25. Henri Lefebvre, pp. 27-28
26. Deconstructivist Architecture, p. 19, Mark Wigley and Philip Johnson, Exhibition catalogue, Museum of Modern Art, New York, 1988
27. Kim Dovey p. 37
Deconstruction
To start deconstructing a field such as the design of meeting rooms you can start by asking the following question: "What specific forms of resistance to this inquiry does the discourse employ? And to what extent was it established as precisely such a resistance?"28. In asking these questions, Mark Wigley looks into what is being protected in this space and for whom? Deconstruction is a tool to understand and unveil the underlying structures that informs a practice such as meeting room design or meetings. Wigley29 says that "The promise of deconstruction in architecture lies in the challenge to spatial ideologies, to social ideas about the use of space".

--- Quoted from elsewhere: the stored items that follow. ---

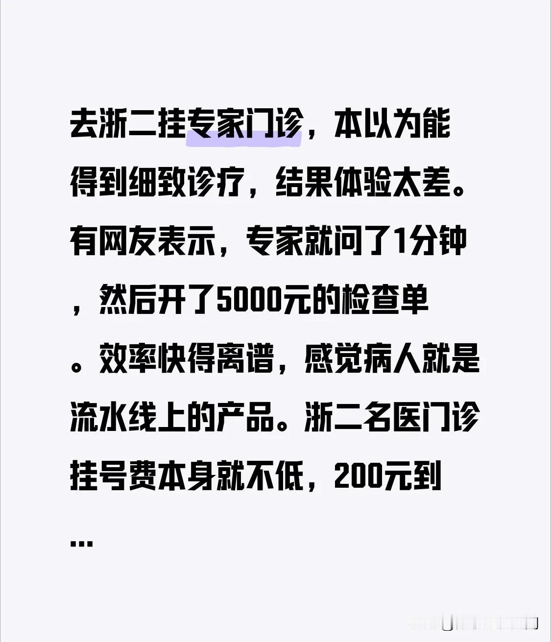 去浙二挂专家门诊,本以为能得到细致诊疗,结果体验太差。有网友表示,专家就问了1分钟,然后开了5000元的检查单。效率快得离谱,感觉病人就是流水线上的产品。 浙二名医门诊挂号费本身就不低,200元到1000元不等,不同科室和专家级别收费有差异。像心血管内科、神经外科这些热门科室,费用更高。可这1分钟问诊,实在让人怀疑这高价挂号费和检查费花得值不值专家预约挂号 浙一医院 浙二看病 浙二医院 新浙二医院 浙江门诊 浙大二医院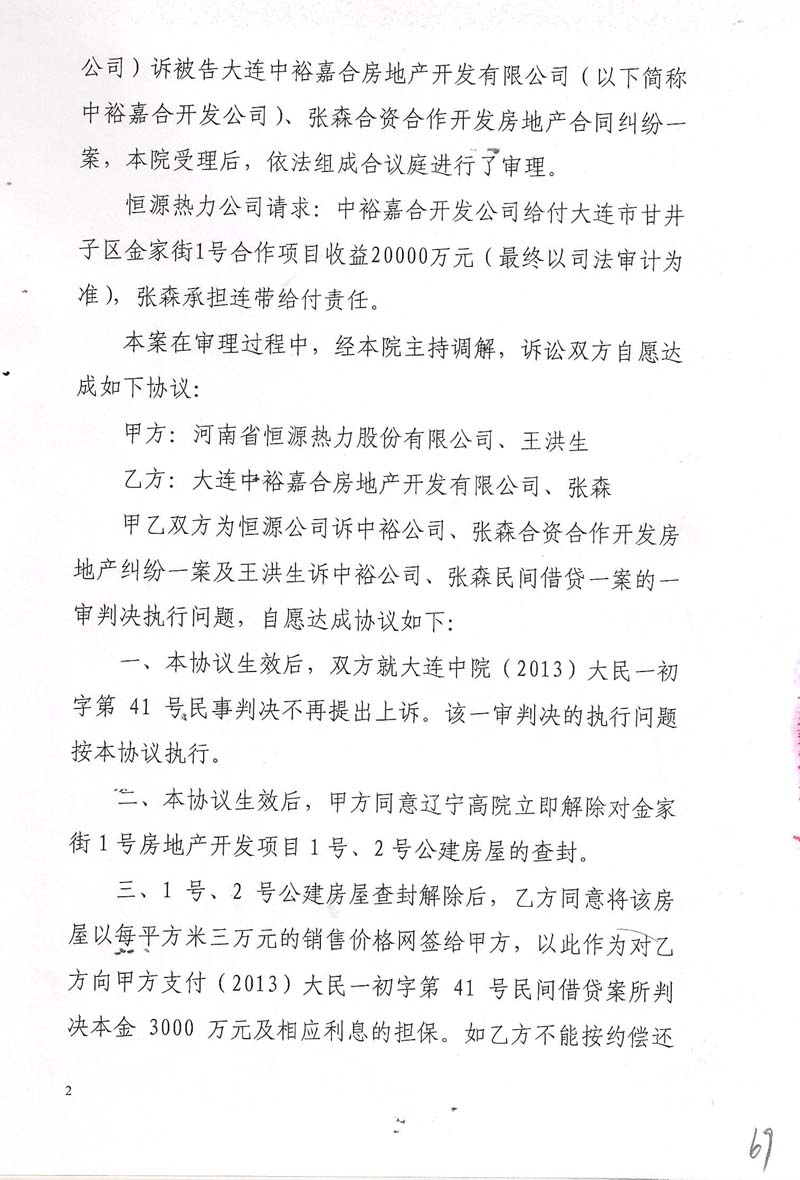 2010年9月17日,大连中裕嘉合房地产开发有限公司为甲方(以下简称中裕公司)与河南省恒源热力股份有限公司为乙方(以下简称恒源公司)签订金家街1号房地产开发项目合作协议,双方约定项目总投资29135万元人民币,由乙方投入资金5000万元,其余资金由甲方负责筹集,并约定甲方股权占60%,乙方股权占40%,扣除成本和费用后,净利润按股权比例分配(风险共担属于法定情形)。中裕公司2012年4月20日与自然人王洪生签订2000万元借款协议,并完成交付,中裕公司按期归还2000万元,尚欠280万元利息。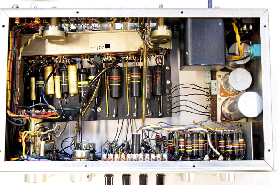貴重なMarantz7 S/N.10700番台です。 以前ボリュームに大きなガリが発生し、購入先の有名ヴィンテージショップに修理を依頼したら酷い状態で帰ってきたので当工房に再修理レストアを依頼されました。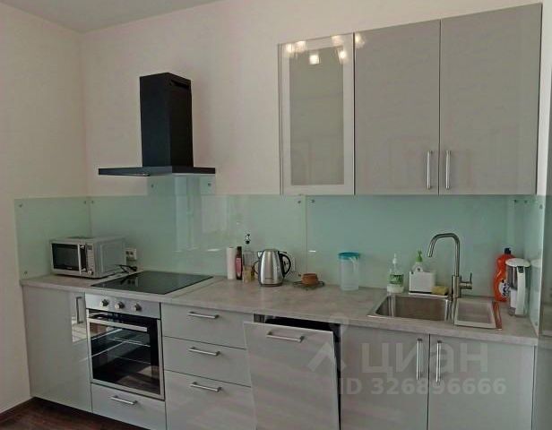 Общая площадь квартиры -33,3 кв.м., жилая площадь -15,2 кв. м., кухня - 9,5 кв.м., лоджия-5,0 кв.м. С/У-раздельный. В квартире есть все необходимое: варочная панель, духовой шкаф, холодильник и стиральная машина, диван, телевизор, кухонный гарнитур.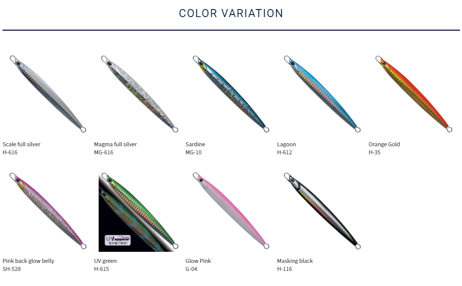 Jigaro Massive has been designed with a compact body that is downsized by about 22% compared to the total length of normal Jigaro. It has a excellent response to rod work and the slide action produced by it are the high-dimensionality of the Jigaro family. By achieving stable flight distance even under adverse wind conditions and tight control of tidal currents, it enables new tactics for the capture of fields that have been attacked until now. At the same time, a small silhouette becomes a trump card for a cunning target that exclusively consumes a small bait represented by sardines.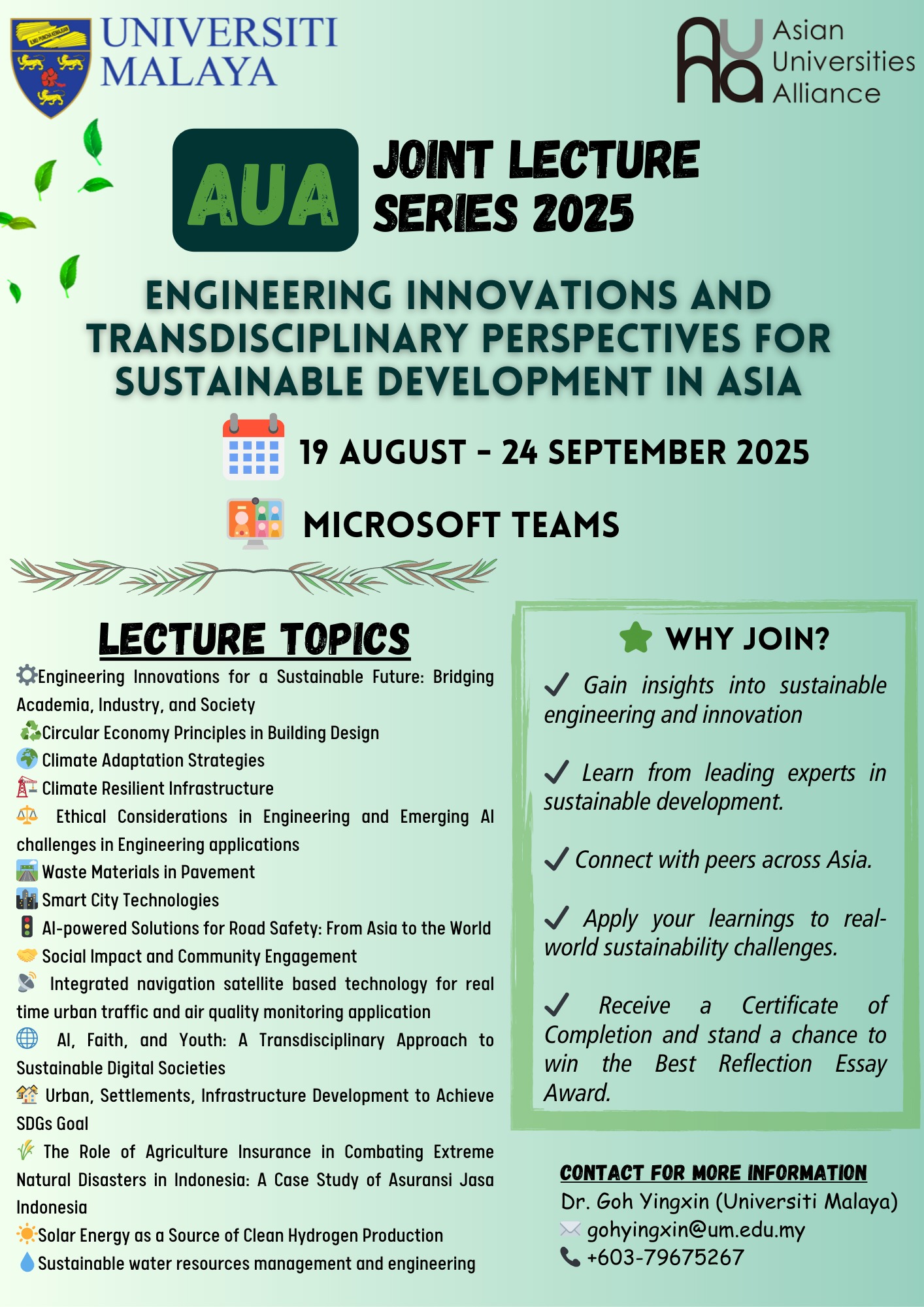 关闭Co-organized by Universiti Malaya and Asian Universities Alliance (AUA), the AUA Joint Lecture Series 2025 was ...

Deconstruction would deal with e.g. the 'business paradigm' and 'power' merciless30. It could e.g. bring a purely ethical issue into a meeting room or make it impossible to maintain the power of the manager in the way s/he sits. Therefor Mark Wigley31 says the following about deconstructive architecture in general:
This [deconstructive architecture] produces a feeling of unease, of disquiet, because it challenges the sense of stable, coherent identity that we associate with pure form.
and
This is an architecture of disruption, dislocation, deflection, deviation, and distortion, rather than one of demolition, dismantling, decay, decomposition, or disintegration. It displaces structure instead of destroying it.
Deconstructive architecture calls for a challenge to the users of built form. In our context 'a deconstructed meeting room' is a room that challenges what takes place in it, how it takes place and why. Profound questions that necessarily will 'pull the chair out under the meeting participants'.
I do however have an ethical problem with
a radical deconstructive approach in working with meeting rooms. To disquiet
and unsettle existing structures and make the space more 'writerly'32
will act as a challenging intervention. An intervention that takes stability
and fixed purpose away but without offering a new. It could potentially
shatter the business paradigm with profound consequences without replacing
it with a new one or even offering a pathway to build a new one up. A more subtle
use of deconstruction is however useful if not necessary to understand and change
the ethical content of a meeting room.
28. Mark Wigley, Untitled: The Housing of Gender, p. 329, in Sexuality and Space, ed. Beatrice Colomina, Princeton Papers on Architecture, Princeton, 1992
29. Kim Dovey page 32
30. Identified in entries 'The Business Paradigm' and 'Meeting Rooms as Mediators of POWER' as underlying structures of meeting room design.
31. Deconstructivist Architecture, p. 17, Mark Wigley and Philip Johnson, Exhibition catalogue, Museum of Modern Art, New York, 1988
32. Kim Dovey page 30. Barthes' definition: A readerly text has pre-given meanings, is popular, easy to consume and requires little effort. By contrast, writerly texts invites the reader to construct meaning, subvert passive consumption and challenge the reader into consideration of its code of construction.